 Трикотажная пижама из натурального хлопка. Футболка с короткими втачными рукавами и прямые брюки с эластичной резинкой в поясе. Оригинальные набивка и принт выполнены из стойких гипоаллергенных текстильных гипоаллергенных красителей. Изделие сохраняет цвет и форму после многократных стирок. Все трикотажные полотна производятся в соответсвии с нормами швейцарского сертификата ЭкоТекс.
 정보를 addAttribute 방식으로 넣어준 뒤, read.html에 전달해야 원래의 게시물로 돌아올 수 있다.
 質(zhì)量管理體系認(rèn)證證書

==

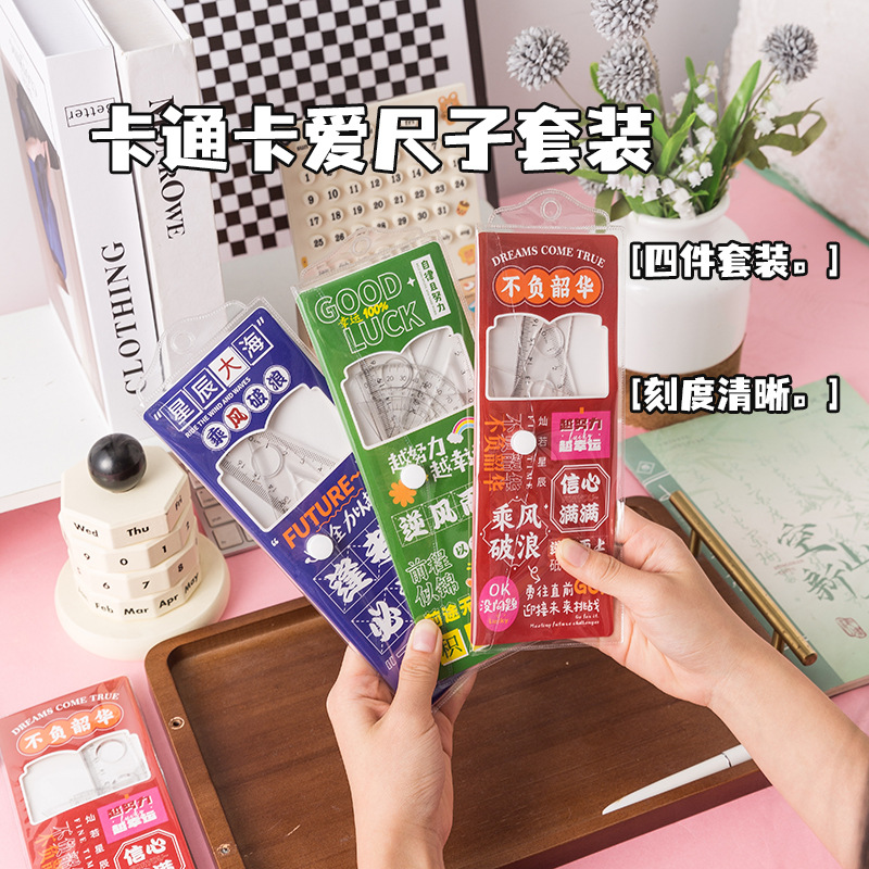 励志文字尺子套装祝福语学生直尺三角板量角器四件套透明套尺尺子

---

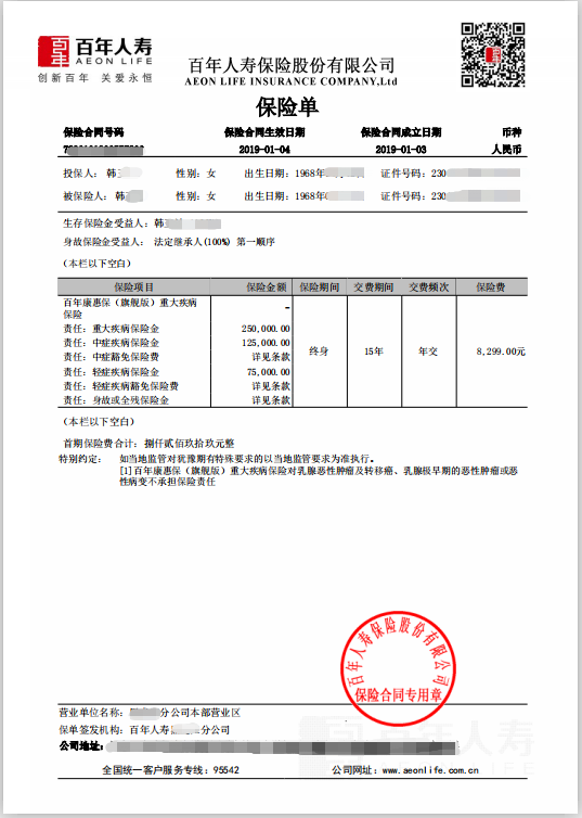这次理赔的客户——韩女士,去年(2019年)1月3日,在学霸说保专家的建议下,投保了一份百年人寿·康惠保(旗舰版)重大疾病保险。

### [Work instructions]
After locating the line with "Трикотажная пижама из" above, return that line and every later line through the one with "質(zhì)量管理體系認(rèn)證證書", word for word and with nothing else.

### [Solved exercise]
 Трикотажная пижама из натурального хлопка. Футболка с короткими втачными рукавами и прямые брюки с эластичной резинкой в поясе. Оригинальные набивка и принт выполнены из стойких гипоаллергенных текстильных гипоаллергенных красителей. Изделие сохраняет цвет и форму после многократных стирок. Все трикотажные полотна производятся в соответсвии с нормами швейцарского сертификата ЭкоТекс.
 정보를 addAttribute 방식으로 넣어준 뒤, read.html에 전달해야 원래의 게시물로 돌아올 수 있다.
 質(zhì)量管理體系認(rèn)證證書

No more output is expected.